The central limit theorem (CLT) is a fundamental result in probability and statistics, stating that the average of many independent variables is approximately Gaussian. The CLT underpins numerous and widely-used data analysis methods for estimation, hypothesis testing, constructing confidence intervals, and uncertainty assessment. However, the accuracy of the CLT approximation may degrade significantly in high-dimensional data problems. To address this challenge, a growing body of literature has recently emerged aimed at developing CLT bounds to support valid statistical inference in high dimensions. In this talk, I will introduce a novel and near-rate-optimal CLT for hyper-rectangles that holds under minimal conditions. As an application, I will examine ordinary least squares regression in high-dimensional and model-free settings commonly encountered in data science. I will present bounds for the Gaussian approximation error of the ordinary least squares estimator, yielding practical confidence sets with guaranteed coverage and accuracy. Our results highlight the dependence on the dimensionality and other characteristics of the data-generating distribution, enabling highdimensional and efficient inference with off-the-shelf methods.

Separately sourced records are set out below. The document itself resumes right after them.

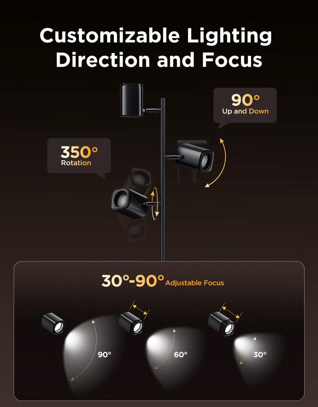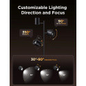 Každé rameno lampy je plne nastaviteľné, čo vám umožní nájsť dokonalý uhol a smer svetla. Ramena sa otáčajú o 350° horizontálne a 90° vertikálne, zatiaľ čo hlavica ponúka jemnú rotáciu 30°–90°. Tým dosiahnete presné nasvietenie priestoru podľa vašich potrieb. Flexibilné ovládanie každého zdroja samostatne vám dáva kontrolu nad jasom, farbou aj zapnutím. Vďaka tejto variabilite je lampa skvelá na čítanie, ako aj na zvýraznenie dizajnových prvkov v interiéri.
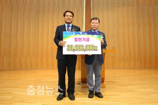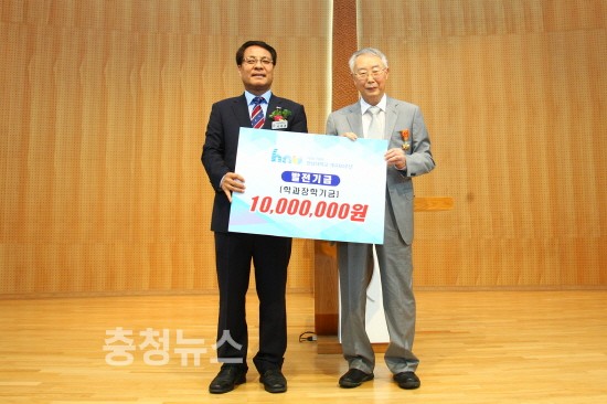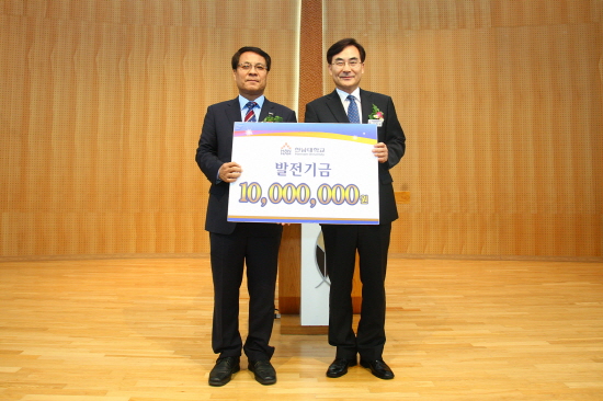 ▲ 한남대 임충식 산학협력부총장(오른쪽)이 7일 이덕훈 총장(왼쪽)에게 발전기금 1천만원을 기탁하고 있다.
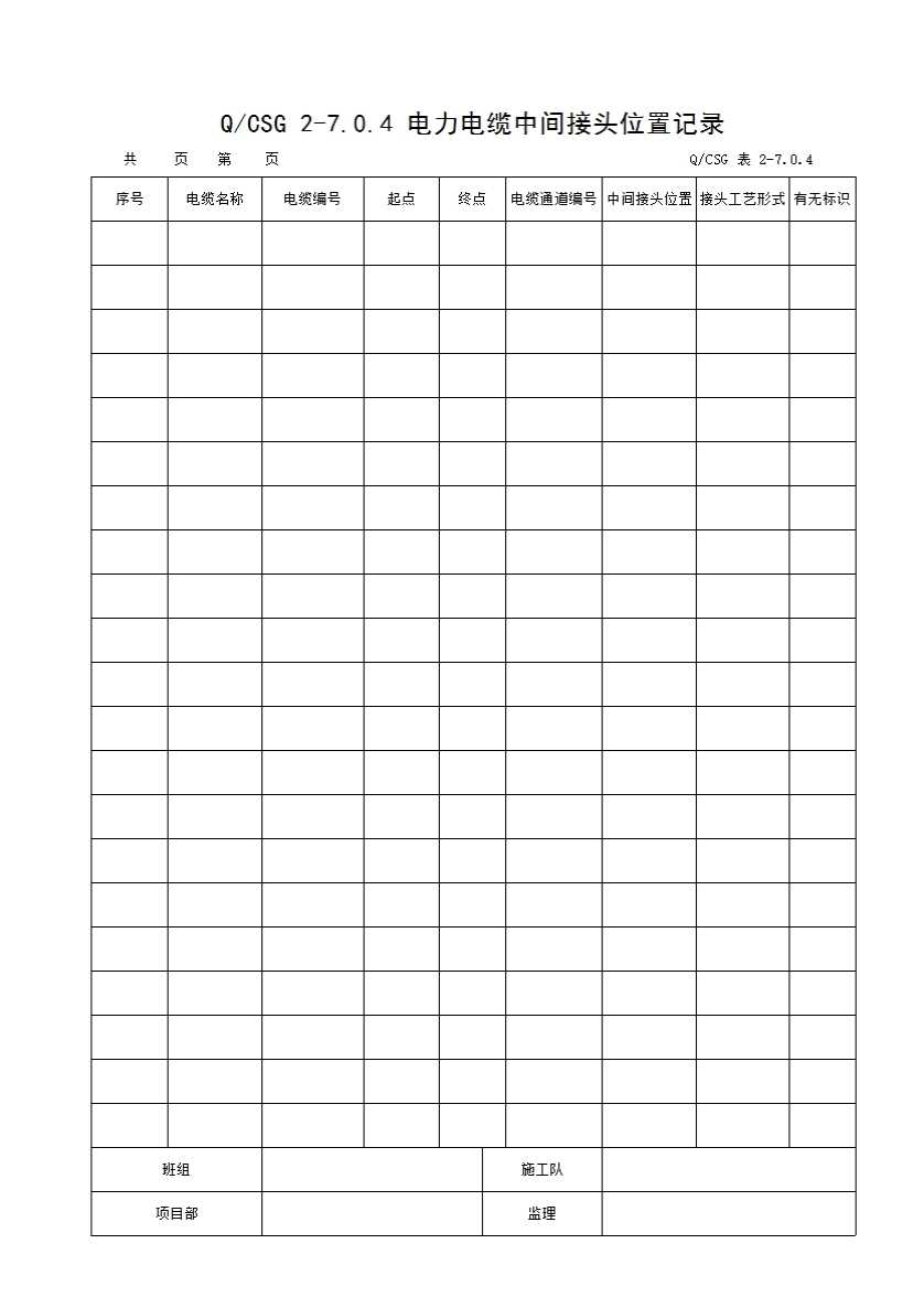 QCSG 表 2-7.0.4 电力电缆中间接头位置记录

Joint work with Heejong Bong, Arun Kumar Kuchibhotla, and Larry Wasserman.

Bio: I am a Professor in the Department of Statistics and Data Science at Carnegie Mellon University. I received my PhD in Statistics at Carnegie Mellon in 2005 under the supervision of Stephen E. Fienberg and never left. My research interests revolve mainly around the theoretical properties of statistical and machine learning models for high-dimensional data under various structural assumptions, such as sparsity or intrinsic low dimensionality. In my research work I have investigated a broad range of issues related to the feasibility of statistical inference in a variety of problems, including high-dimensional regression, time series, privacy, categorical data analysis and graphical modeling, statistical network analysis, algebraic statistics, density-based clustering, topological and geometric data analysis and change-point detection. Though predominantly of theoretical nature, my research work is motivated by highly practical problems in data science and has direct methodological implications, as it aims at deriving theoretical guarantees in support of existing methods and algorithms.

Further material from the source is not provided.